## GIVEN INFORMATION
----
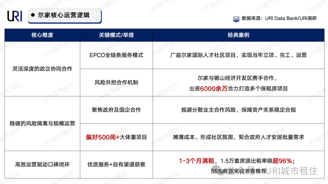 URI研究认为,尔家在住房租赁领域的核心竞争力,在于其成功搭建了国企信用与市场化效率的“价值转换器”与“合作粘合剂”,构建起独具特色的政企共生体系,这也是其实现可持续发展的关键逻辑。
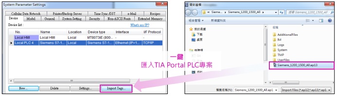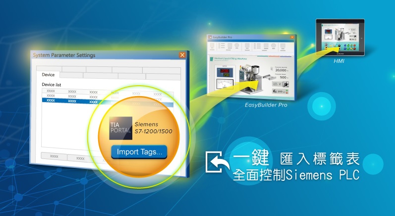 威綸科技工程軟體:EasyBuilder Pro是整合Siemens S7-1200/1500標籤表最完整的開發平台,不但支援S7-1200/1500的使用者定義資料型態(UDT)、預設的資料結構(Default Data Structure)、PLC Tag:[I]Input、[M]Bit Memory、[Q]Output等,現在客戶僅須”一鍵”將TIA Portal的PLC專案匯入至EasyBuilder Pro工程檔案後,即可使用原PLC專案上所有的PLC Tags與Program Block,大幅提升客戶端專案開發效率。
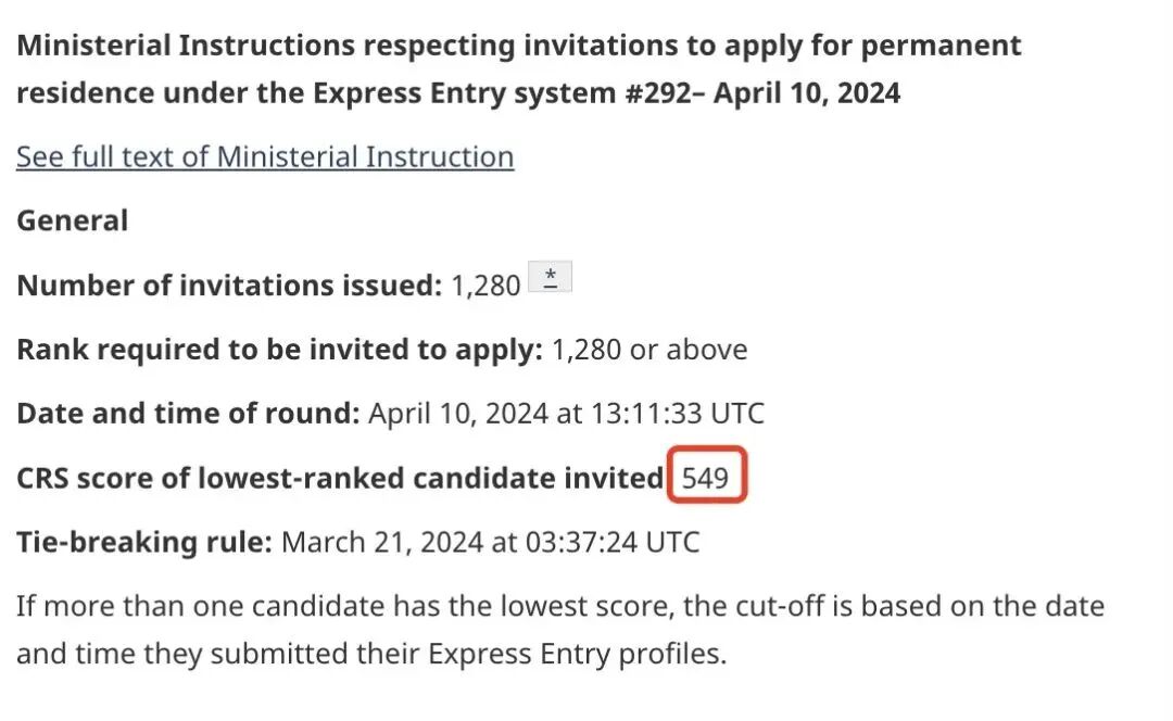 4月10日,加拿大移民部(IRCC)进行了最新一轮的EE快速通道抽签,邀请分数549分,创下了五年内历史第三高!
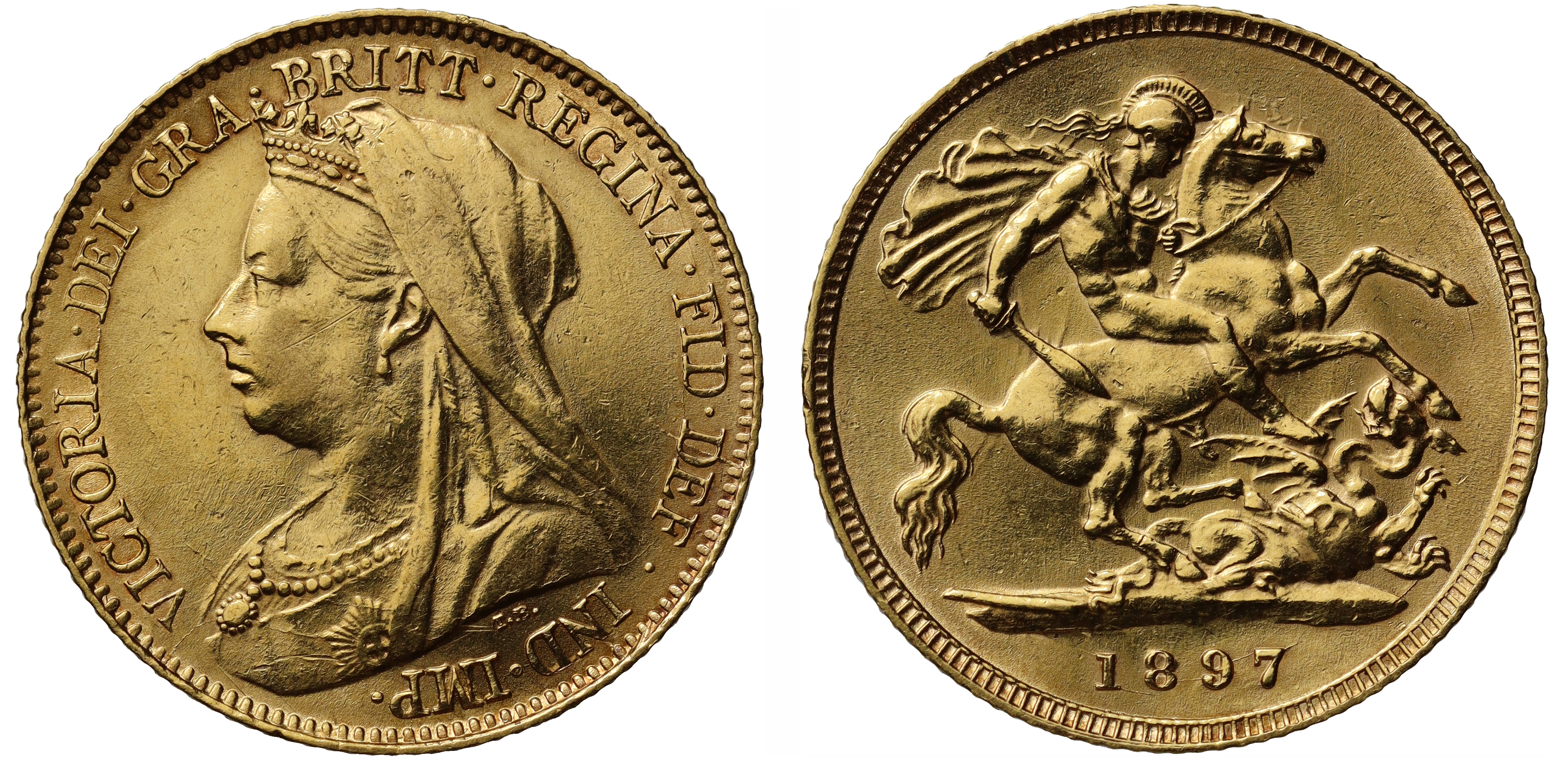 g Victoria (1837-1901), gold Half-Sovereign,1897, crowned, veiled bust left, T.B. initials below truncation for engraver Thomas Brock, Latin legend and toothed border surrounding,VICTORIA· DEI· GRA· BRITT· REGINA· FID· DEF· IND· IMP·, rev. St George and dragon right, date in exergue, 4.00g (Hill 492; Bull EGC 1394; S.3878). Polished with some residual colour, otherwise good very fine.
----
## REQUIRED ACTION
Drop the images; restate the listing exactly.

## ANSWER
 URI研究认为,尔家在住房租赁领域的核心竞争力,在于其成功搭建了国企信用与市场化效率的“价值转换器”与“合作粘合剂”,构建起独具特色的政企共生体系,这也是其实现可持续发展的关键逻辑。
 威綸科技工程軟體:EasyBuilder Pro是整合Siemens S7-1200/1500標籤表最完整的開發平台,不但支援S7-1200/1500的使用者定義資料型態(UDT)、預設的資料結構(Default Data Structure)、PLC Tag:[I]Input、[M]Bit Memory、[Q]Output等,現在客戶僅須”一鍵”將TIA Portal的PLC專案匯入至EasyBuilder Pro工程檔案後,即可使用原PLC專案上所有的PLC Tags與Program Block,大幅提升客戶端專案開發效率。
 4月10日,加拿大移民部(IRCC)进行了最新一轮的EE快速通道抽签,邀请分数549分,创下了五年内历史第三高!
 g Victoria (1837-1901), gold Half-Sovereign,1897, crowned, veiled bust left, T.B. initials below truncation for engraver Thomas Brock, Latin legend and toothed border surrounding,VICTORIA· DEI· GRA· BRITT· REGINA· FID· DEF· IND· IMP·, rev. St George and dragon right, date in exergue, 4.00g (Hill 492; Bull EGC 1394; S.3878). Polished with some residual colour, otherwise good very fine.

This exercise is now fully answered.